Reproduce the listing exactly. Omit pictures.

(PROVIDED MATERIAL begins)

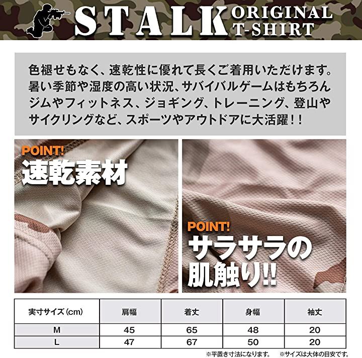 「STALK」最新カラー13種類 迷彩柄 半袖 Tシャツ ストレッチ メッシュ ミリタリー サバゲー(ピクセルデザート, L) |
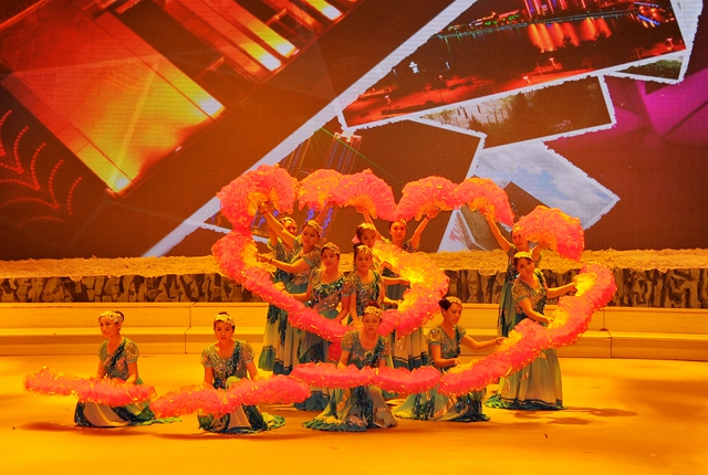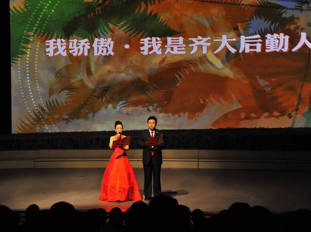 “多彩齐大梦 光荣后勤人”文艺演出在开场舞蹈《中国梦》中拉开序幕,14个综合文艺节目全部由后勤处职工自编自导自演。
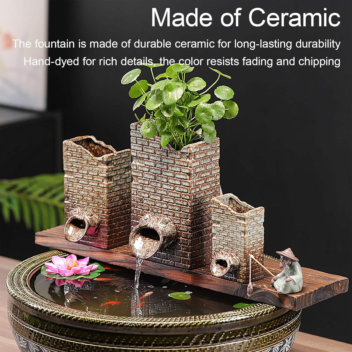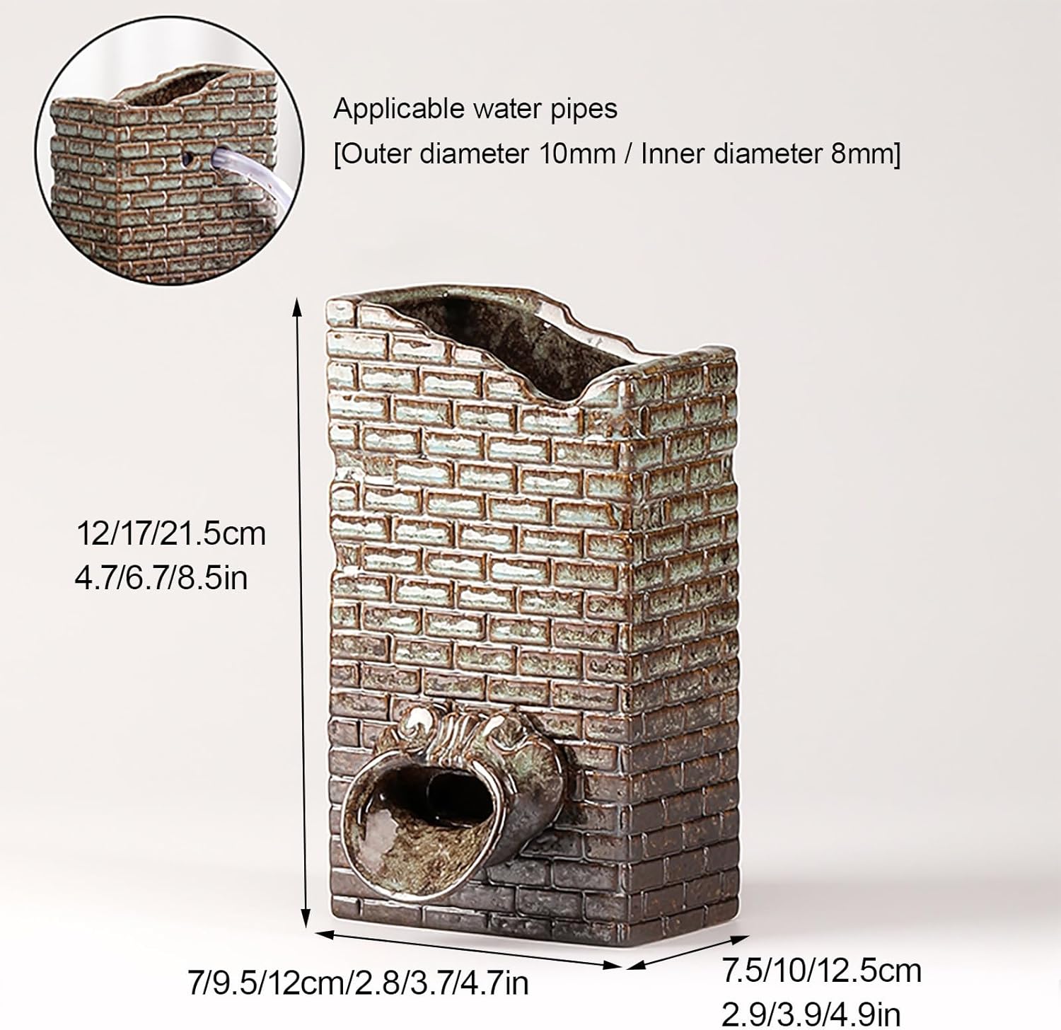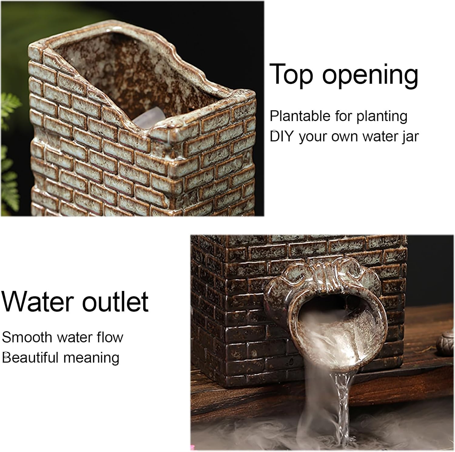 This elegant Pond Spitter ceramic water fountain is designed to bring a touch of serenity and beauty to your outdoor space. Made from high-quality ceramic, it is built to withstand all weather conditions, making it a fantastic choice for gardens, patios, or backyard ponds. Whether placed at the edge of a pool or as a standalone outdoor ornament, it adds a soothing, natural element to any setting while maintaining a stylish and contemporary look. Perfect for enhancing the ambiance of your living room, study, kitchen, or garden, the Pond Spitter features a unique spout that creates a soft, flowing water display. Its simple yet sophisticated design can complement both modern and traditional decor. As a flexible and functional decor, it also doubles as a small plant holder, allowing you to integrate it seamlessly into your outdoor design while creating a calming and inviting atmosphere. Looking for a stylish and durable ceramic water fountain that brings tranquility to any outdoor or indoor setting? The Pond Spitter is a perfect blend of functionality and beauty, ideal for gardens, patios, and home decor. Its unique spout design adds a dynamic, flowing water display that's both soothing and elegant. With a simple yet sophisticated look, it complements a wide range of interior and exterior aesthetics. Plus, it doubles as a small planter, offering a convenient way to add greenery to your space while enjoying the calming effects of moving water. Whether you're seeking a peaceful focal point for your garden or a refined accent for your living room, the Pond Spitter combines practicality with a touch of artistry.Pond Spitter Ceramic Water Fountain

(PROVIDED MATERIAL ends)

• TASK RESPONSE:
 「STALK」最新カラー13種類 迷彩柄 半袖 Tシャツ ストレッチ メッシュ ミリタリー サバゲー(ピクセルデザート, L) |
 “多彩齐大梦 光荣后勤人”文艺演出在开场舞蹈《中国梦》中拉开序幕,14个综合文艺节目全部由后勤处职工自编自导自演。
 This elegant Pond Spitter ceramic water fountain is designed to bring a touch of serenity and beauty to your outdoor space. Made from high-quality ceramic, it is built to withstand all weather conditions, making it a fantastic choice for gardens, patios, or backyard ponds. Whether placed at the edge of a pool or as a standalone outdoor ornament, it adds a soothing, natural element to any setting while maintaining a stylish and contemporary look. Perfect for enhancing the ambiance of your living room, study, kitchen, or garden, the Pond Spitter features a unique spout that creates a soft, flowing water display. Its simple yet sophisticated design can complement both modern and traditional decor. As a flexible and functional decor, it also doubles as a small plant holder, allowing you to integrate it seamlessly into your outdoor design while creating a calming and inviting atmosphere. Looking for a stylish and durable ceramic water fountain that brings tranquility to any outdoor or indoor setting? The Pond Spitter is a perfect blend of functionality and beauty, ideal for gardens, patios, and home decor. Its unique spout design adds a dynamic, flowing water display that's both soothing and elegant. With a simple yet sophisticated look, it complements a wide range of interior and exterior aesthetics. Plus, it doubles as a small planter, offering a convenient way to add greenery to your space while enjoying the calming effects of moving water. Whether you're seeking a peaceful focal point for your garden or a refined accent for your living room, the Pond Spitter combines practicality with a touch of artistry.Pond Spitter Ceramic Water Fountain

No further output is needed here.